**EXERCISE INSTRUCTIONS:**
Transcribe word for word each line from the one containing "Hipster Froggy at" to the final line of the data, both included. Skip the pictures.

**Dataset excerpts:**
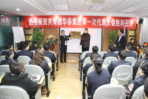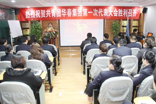 共青團華春集團第一次代表大會于2011年12月3日在恒潤公司培訓室勝利召開,大會由胡梅同志主持,此次會議正式代表、領導及嘉賓共計60余人出席會議,高新區(新市區)團委副書記張新平同志、集團黨委書記嚴天利同志、集團黨委統戰部部長兼機關黨支部書記秦維華同志、華春毛紡黨支部書記郭鵬宏同志、恒潤公司黨支部書記孫業傳同志、華春商貿公司黨支部書記孫佳梅同志、團支部書記李卓軒同志出席大會開閉幕式。
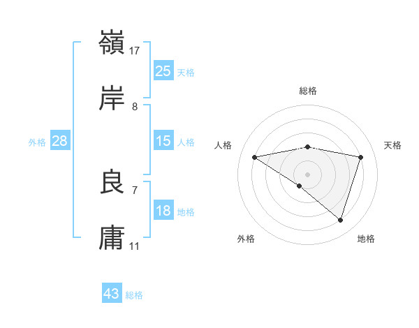 嶺岸 良庸さんの総格は43画の2点!
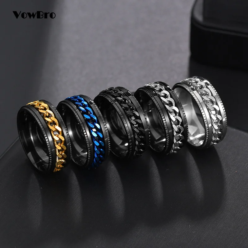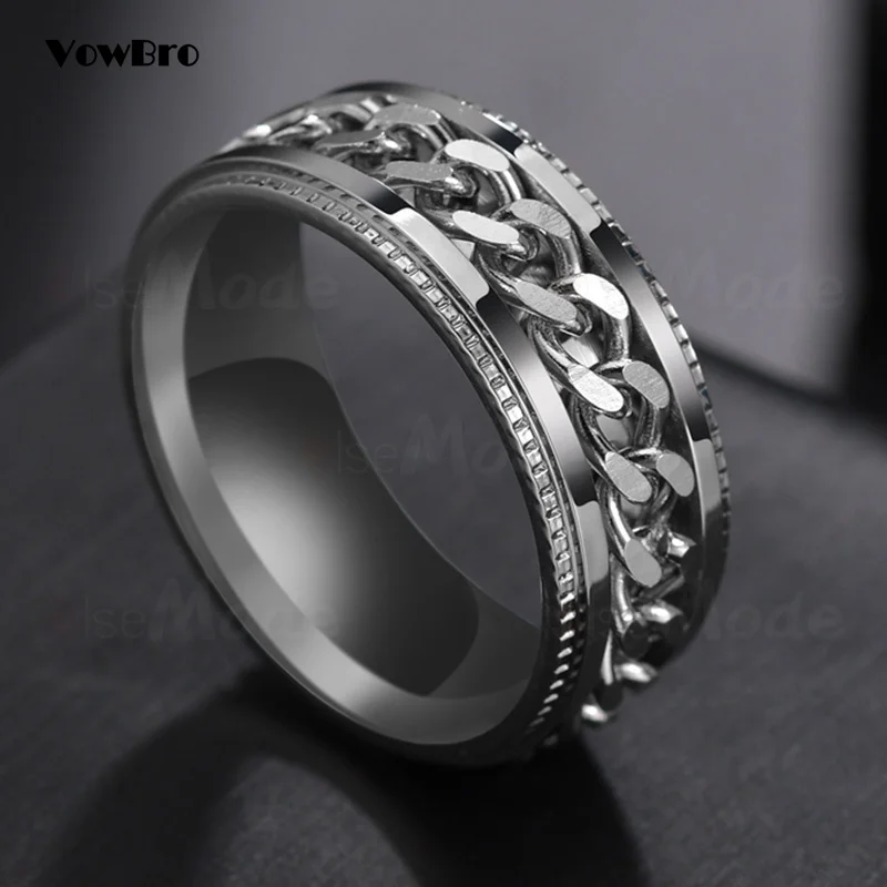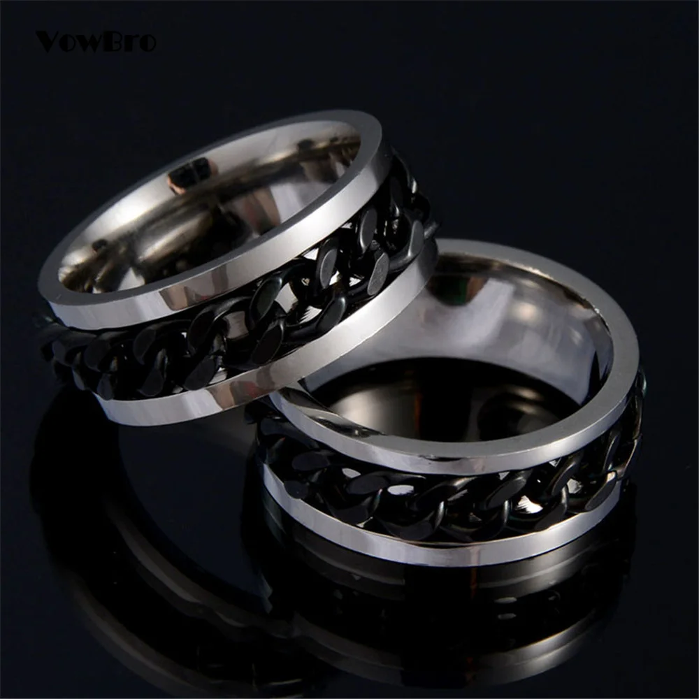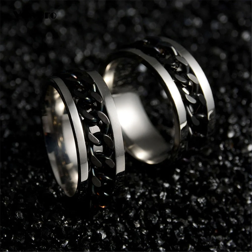 Крутое вращающееся кольцо из нержавеющей стали для мужчин и женщин, кольцо для пар, кольцо с высокой искусственной цепью, поворотные кольца в стиле панк, для мужчин и женщин, ювелирные изделия для вечеринки, подарок
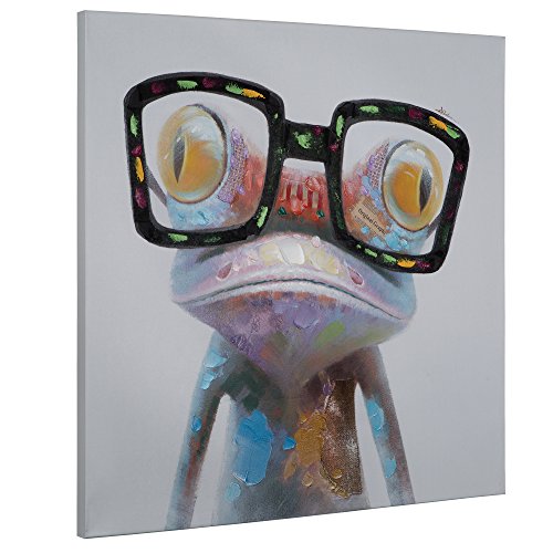 Hipster Froggy at his best. Be inspired to learn fashion with this original hand painted acrylic painting featuring a heavily textured fashionista frog in a perfectly combined yellow, brown, cream, blue, and red color. The painting includes hangers for wall mounting and inner wood frame wrapped with the canvas.Feature
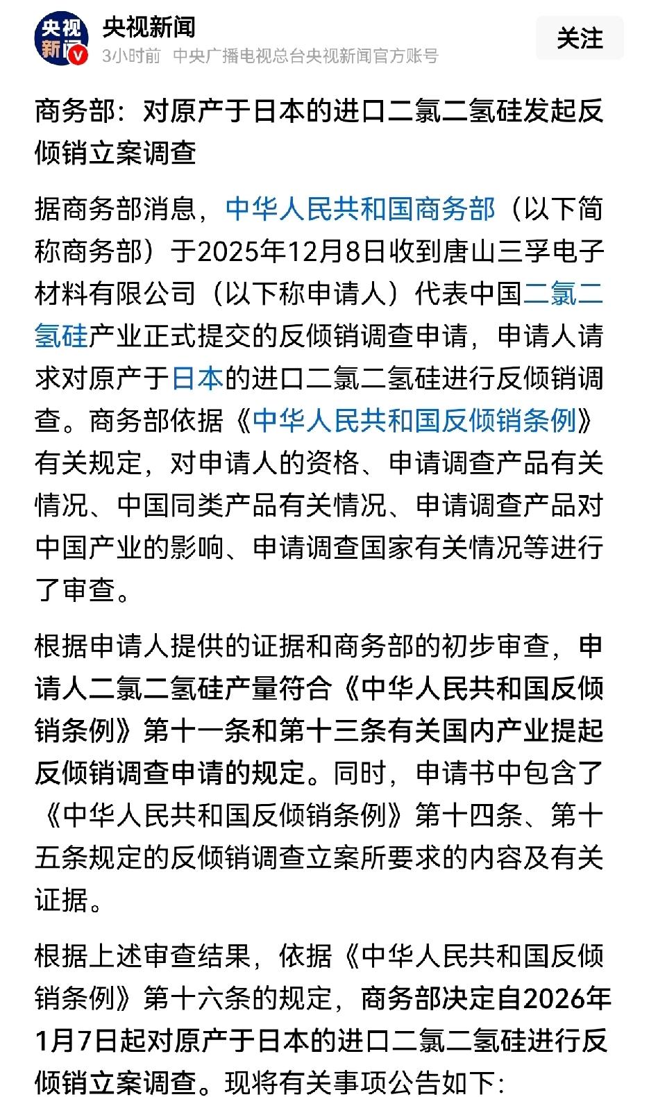 我们不过出了一招组合拳,“军民两用物项出口管制+二氯二氢硅反倾销调查”,小日子就叫苦不迭,开始拿国际法说事了。 真是恶人先告状。 其实,我们的工具箱还远未见底,比如: 光刻胶及芯片相关制成品反倾销调查 汽车及零配件反倾销调查 石油天然气及铁矿石海上禁运 环冲绳群岛能源军火毒品走私行政执法 动漫与数字产品准入审查 机床与精密机械反垄断调查 医疗与健康产品安全审查 旅游长期高风险警示 等等… 我们不是没有狠招,只是没到非出不可的时候而已。 再真诚奉劝小日子一句:现在反省思过改错,还来得及。 否则,莫怪东大下狠手。

**TASK RESULT:**
 Hipster Froggy at his best. Be inspired to learn fashion with this original hand painted acrylic painting featuring a heavily textured fashionista frog in a perfectly combined yellow, brown, cream, blue, and red color. The painting includes hangers for wall mounting and inner wood frame wrapped with the canvas.Feature
 我们不过出了一招组合拳,“军民两用物项出口管制+二氯二氢硅反倾销调查”,小日子就叫苦不迭,开始拿国际法说事了。 真是恶人先告状。 其实,我们的工具箱还远未见底,比如: 光刻胶及芯片相关制成品反倾销调查 汽车及零配件反倾销调查 石油天然气及铁矿石海上禁运 环冲绳群岛能源军火毒品走私行政执法 动漫与数字产品准入审查 机床与精密机械反垄断调查 医疗与健康产品安全审查 旅游长期高风险警示 等等… 我们不是没有狠招,只是没到非出不可的时候而已。 再真诚奉劝小日子一句:现在反省思过改错,还来得及。 否则,莫怪东大下狠手。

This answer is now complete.